Numerical Simulation of Separated Flow over Flexible Structural Membranes

Abstract

This research project aims to study large displacement fluid-structure interaction (FSI) problems through the development of a computational FSI code. The Navier-Stokes equations describing the behaviour of a viscous Newtonian fluid are discretised on a moving unstructured triangular mesh using the Finite Volume method. In two-dimensions the membrane structure is represented by a continuous array of one-dimensional line segments which are a subset of the fluid mesh edges. The fluid mesh remains attached to the membrane as it deforms, and the connectivity of the mesh remains constant throughout the simulation. The fluids equations are formulated in collocated primitive variable form, and the SIMPLE algorithm is used for velocity-pressure coupling. The Rhie-Chow interpolation is used for face mass fluxes to avoid spurious oscillations, and the non-orthogonality of the mesh is taken into account.
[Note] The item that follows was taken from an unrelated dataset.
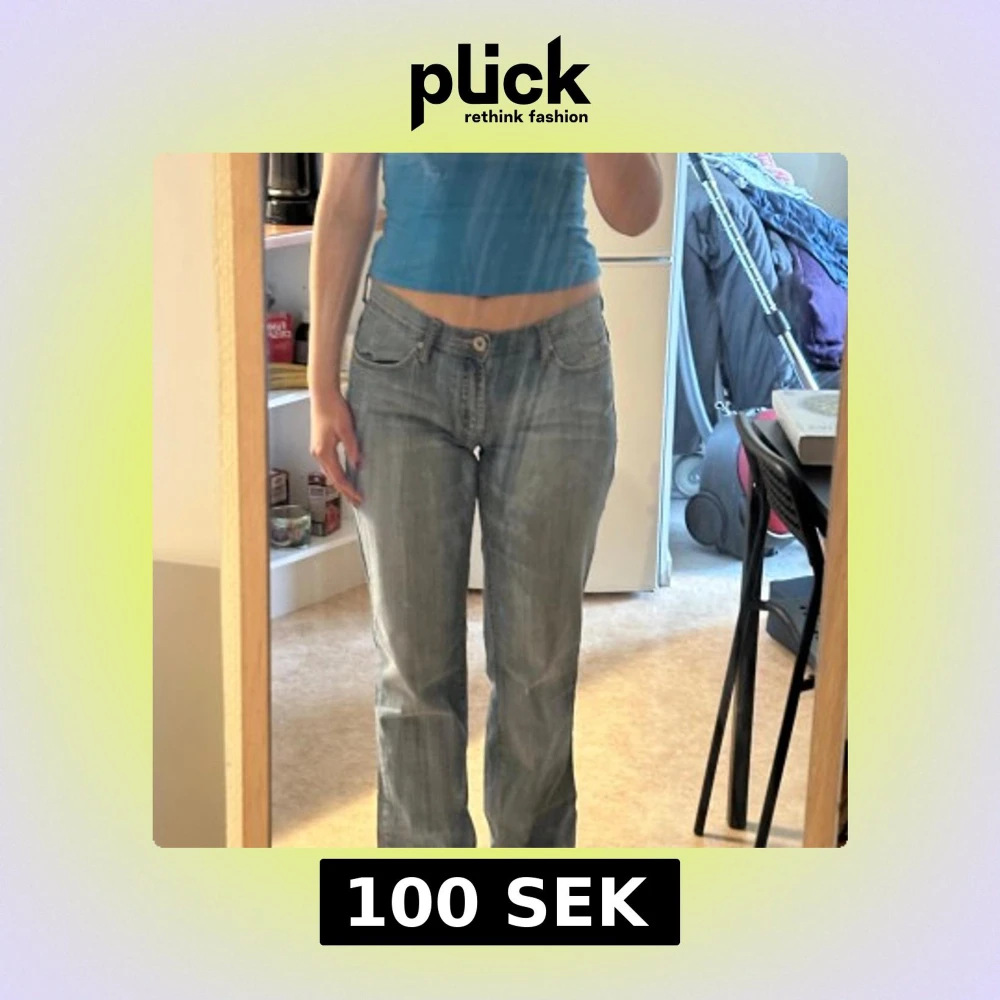 Säljer ett par klassiska ljusblå jeansbyxor med normal passform och raka ben. Byxorna har fem fickor, knapp och dragkedja framtill samt diskreta slitningar för en avslappnad look. Perfekta till vardags och lätta att matcha med olika toppar.

The motion of the membrane structure nodes is calculated following the Dynamic Relaxation approach. The motion of the remaining mesh nodes is calculated following a structural spring analogy. Initial development has formulated the steady cases of flow past a normal flat plate and flow past a cylinder, and the unsteady case of flow past a cylinder with vortex shedding to validate the approach. Flow past a normal flat plate has been simulated on an arbitrarily moving mesh to validate the initial model in comparison with analysis on a stationary mesh.